Quote these lines exactly: the one that holds "a simple pot" and every line after it to the end of the material below. Skip pictures.

Supplied information:
————
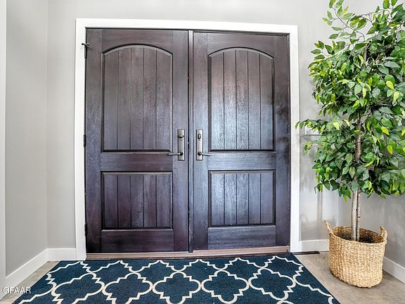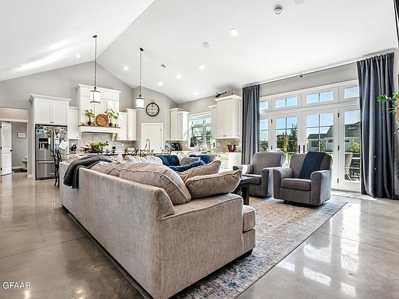 3 bed/3 bath/Office (could be 4th bed). Primary has large walk in closet, soak tub, large custom shower/steam. Custom cabinetry throughout. Huge kitchen island w/upgraded appliances. Vaulted Ceilings with floor to ceiling rock fireplace in living room. Polished concrete heated floors. Garage 1568 sq ft heated floors ad gas furnace, epoxy floors, finished walls and TV/hobby room. 16x24 shed, garden space behind. Fenced and landscaped/sprinklers.
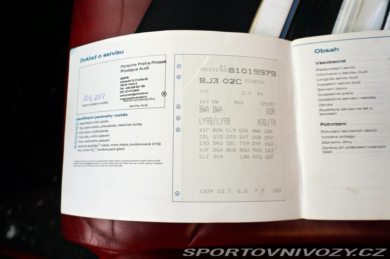| Nadstandardní výbava: | VIN: TRUZZZ8J081019979 VYROBENO : 2007/12 MOTORIZACE : 2,0 TFSI 147KW (BWA ) STK : 11/2027 NAJETO : 187 000 KM KOUPENO NOVÉ V CZ , 2X KLÍČ , ROZVODY 2024 PŘI 175 000 KM , 2021 VE 156000 DEKARBONIZACE MOTORU ... SERVISNÍ KNIHA .. OLEJ 5W30LL MĚNĚN VE 180 000 KM ..VOZIDLO V PPF PRUHLEDNÉ FOLII . DRUHÁ SADA KOL ... Kód motoru BWA | |
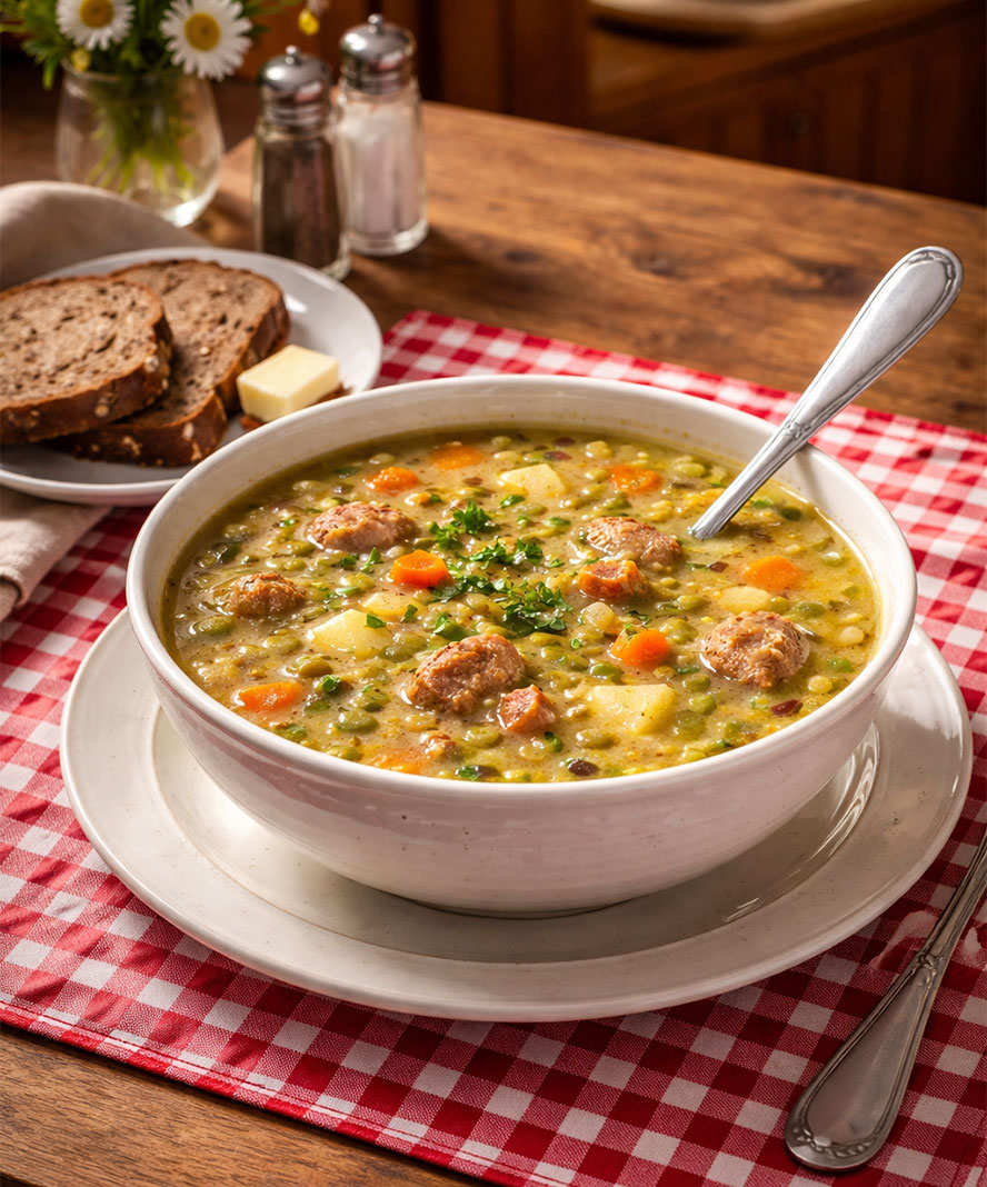 a simple pot of peas carrying centuries of practicality, thrift, and quiet comfort.
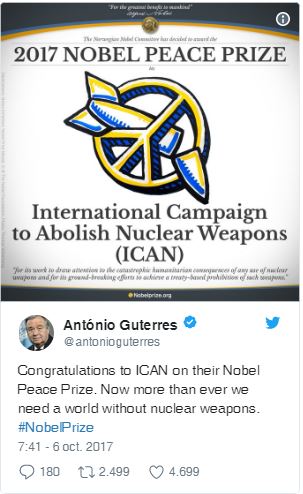 El secretario general de la ONU, el portugués António Guterres, celebró la decisión del Nobel. “Ahora más que nunca necesitamos un mundo sin armas nucleares”, afirmó en Twitter.
————
Written response:
 a simple pot of peas carrying centuries of practicality, thrift, and quiet comfort.
 El secretario general de la ONU, el portugués António Guterres, celebró la decisión del Nobel. “Ahora más que nunca necesitamos un mundo sin armas nucleares”, afirmó en Twitter.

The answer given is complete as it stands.